Should China build a muni market?

By Cate Long
October 22, 2013

Reuters reported on the possibility that China’s government will take the next step in building a municipal bond market. It seems that local governments in China have accumulated a lot of debt and it needs to moved off their books. From Reuters:

China may decide next month to expand a trial program allowing local governments to sell bonds, in response to concerns that their huge borrowings are largely hidden from view and pose a risk to the stability of the nation’s financial system.

How big is this debt?

Local government debt totals up to $4 trillion or 42 percent of gross domestic product, according to some unofficial estimates, but much of it has been raised via financing vehicles that do not disclose details on the size and health of loans.
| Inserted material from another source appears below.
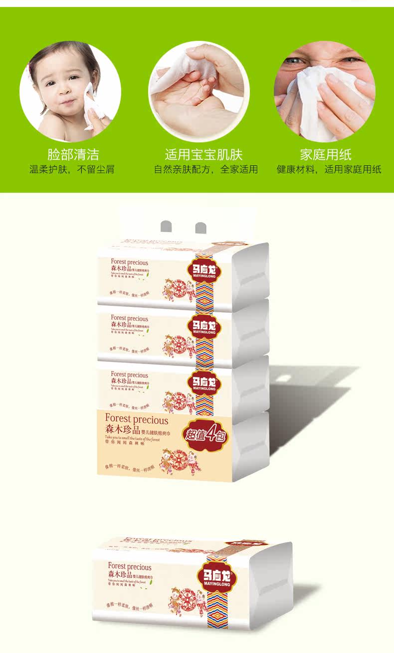 (整箱自提)【马应龙护理】马应龙婴儿健肤棉爽纸巾(每包120抽)
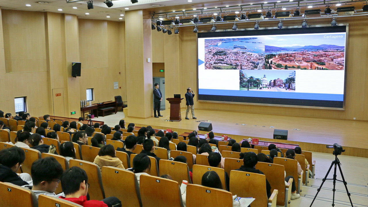下午,来访嘉宾在刘锋书记的陪同下参观了音乐舞蹈学院排练现场,随后参观了我校校史馆。副校长José Carlos Soto Gόmez先生在新校区小报告厅为我校学生开设了西班牙文化专题讲座,报告厅内座无虚席,师生互动踊跃。

The U.S. market is about 23 percent of GDP, or $3.7 trillion. So the amount of local debt in China exceeds the U.S., and it’s not even fully disclosed, structured or regulated? Did the Chinese government really not know this massive borrowing was happening? The government wanted massive fiscal stimulus after the 2008 financial crisis.

Chinese law bans local governments from selling debt directly in a measure that was meant to restrain their borrowings, but local officials have skirted it by raising debt through financing vehicles to fund infrastructure projects.

Borrowing through so-called local government financing vehicles (LGFV) exploded in 2008-09, when China pumped 4 trillion yuan ($656 billion) in stimulus spending through the economy to cushion the impact of the global financial crisis.

Now China may have about $4 trillion of local market debt that it wants to securitize. Where to start? Here is my checklist for the Chinese State Council about how to create a strong and stable municipal bond market.

  1. Standardize the meaning of terms used in the bond market. Publish these terms online in a glossary or dictionary the way the MSRB has done for the U.S. market.
  2. Create a securities numbering system that is free to all market participants. One of the largest chokeholds on the development of the U.S. municipal bond market is the substantial fees required to license the CUSIP identification system.
  3. Create a standard form for bond market documents. Use a form that is mostly check off boxes and has the least amount of free text as possible. Require that all extant documents are converted to the new forms. Create a method for the judiciary to resolve differences between original and converted documents.
  4. Create a central repository for these documents and make it available to the general public, like the U.S. MSRB’s EMMA system.
  5. Mandate that local governments (or other quasi-public issuers) that have outstanding bonds disclose information about their financial condition on an ongoing basis. Information about events that are related to the issuer or their bonds like bond calls or defaults could be filed in online repository.
  6. Create a structure to report all bond trades in a central location. Use MSRB’s EMMA as a template to do this.

This is a massive undertaking and not one that should be done lightly. Securitizing $4 trillion of local government debt is not going to be easy. But like the U.S. market, China’s government could develop a place for the Chinese people to store their savings, create transparency about local government finances and create a foundation for an effectively regulated market. Good luck to the Chinese State Council.